The state’s oldest and largest investor-owned electric and natural gas utility has to propose a rate plan for approval from the Washington Utilities and Transportation Commission (UTC).
The regulatory body approved PSE’s rate plan for 2013 – which included automatic rate increase for customers through 2017 at the company’s option – but it was challenged by customer advocates who worried rates could be unfairly calculated.
The state Attorney General’s Public Counsel Unit and the Industrial Customers of NW Utilities appealed UTC’s decision on behalf of customers.

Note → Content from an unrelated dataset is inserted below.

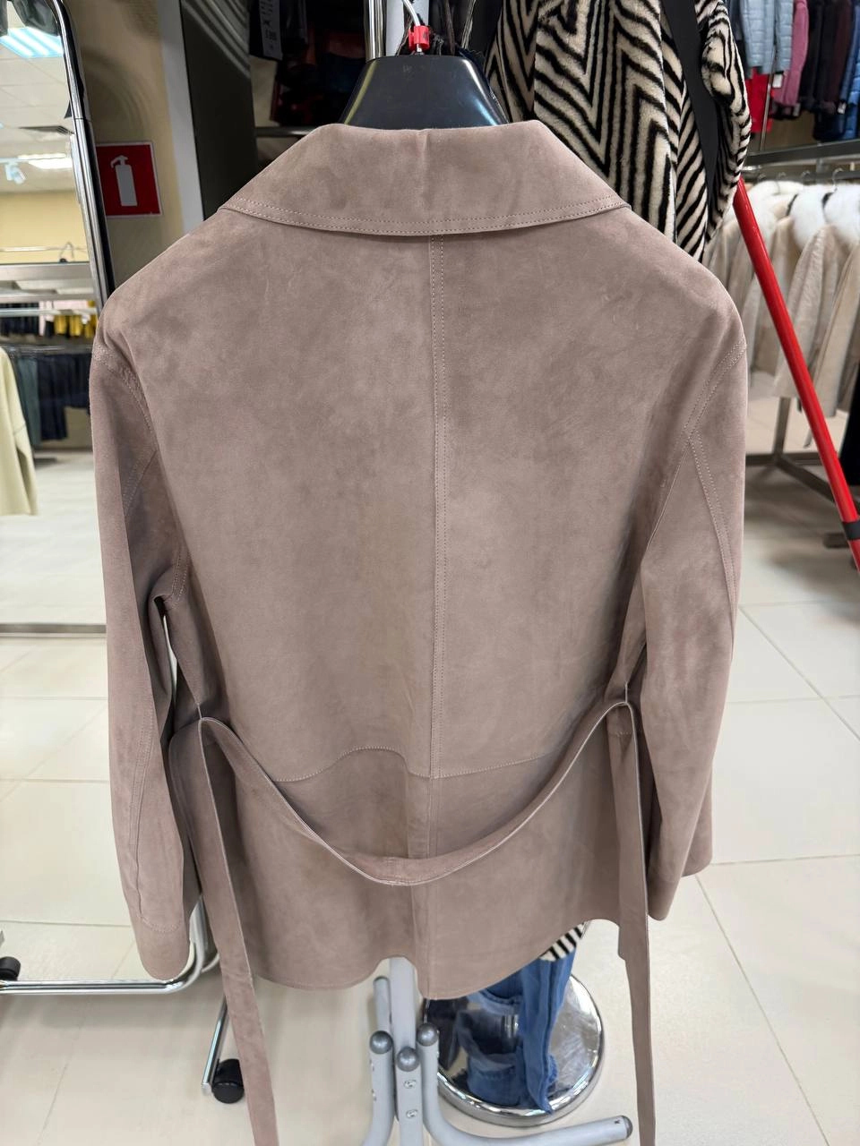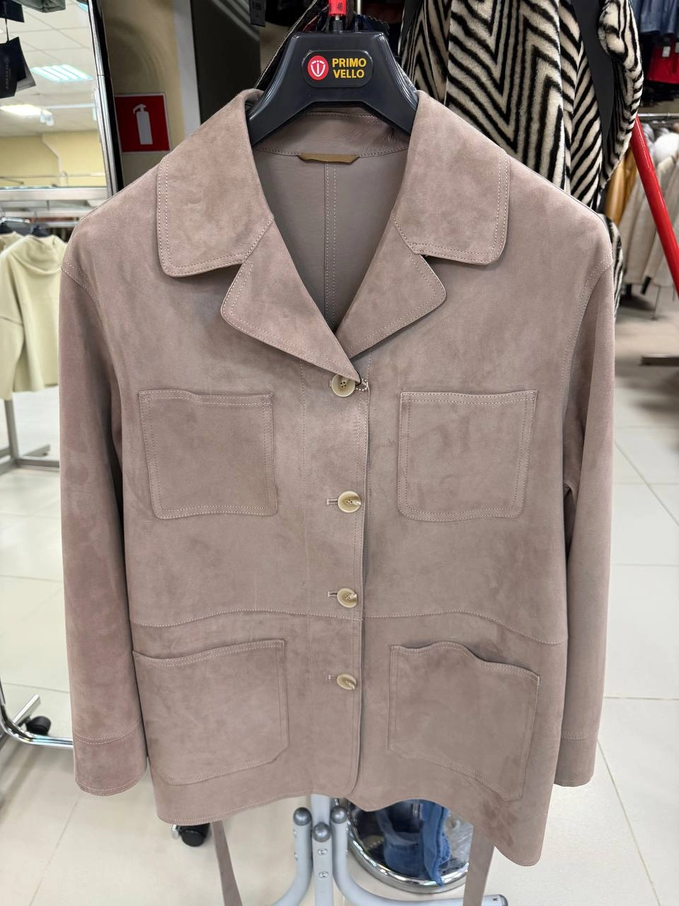 Товар женская замшевая бежевая куртка пиджак премиум класса 3092з, размер 46, артикул 92650 выполнен из натуральной кожи с застежкой пуговицы. Рассчитан на сезон: весна-лето. Длина изделия 74 см, силуэт прямой.

“This is an important win for PSE’s ratepayers,” Attorney General Bob Ferguson said in a statement. “The court’s ruling will ensure that customers’ rates under the multiyear plan will be fairly calculated.”
Ferguson said the ruling could save residential and industrial customers as much as $10 million.
Thurston County Superior Court Judge Carol Murphy sent the plan back to the UTC to determine new rates, but denied a challenge that would have overturned automatic annual rate increases.
Kimberly Harris, PSE president and CEO, hosted a talk for the Puget Sound Business Journal’s Business
Journal Live series, where she spoke about making customers a priority for the company.
PSE this week received $3.8 million of a $14.3 million state grant for so-called “smart grid” technology intended to help state utilities better and more efficiently utilize solar and wind power.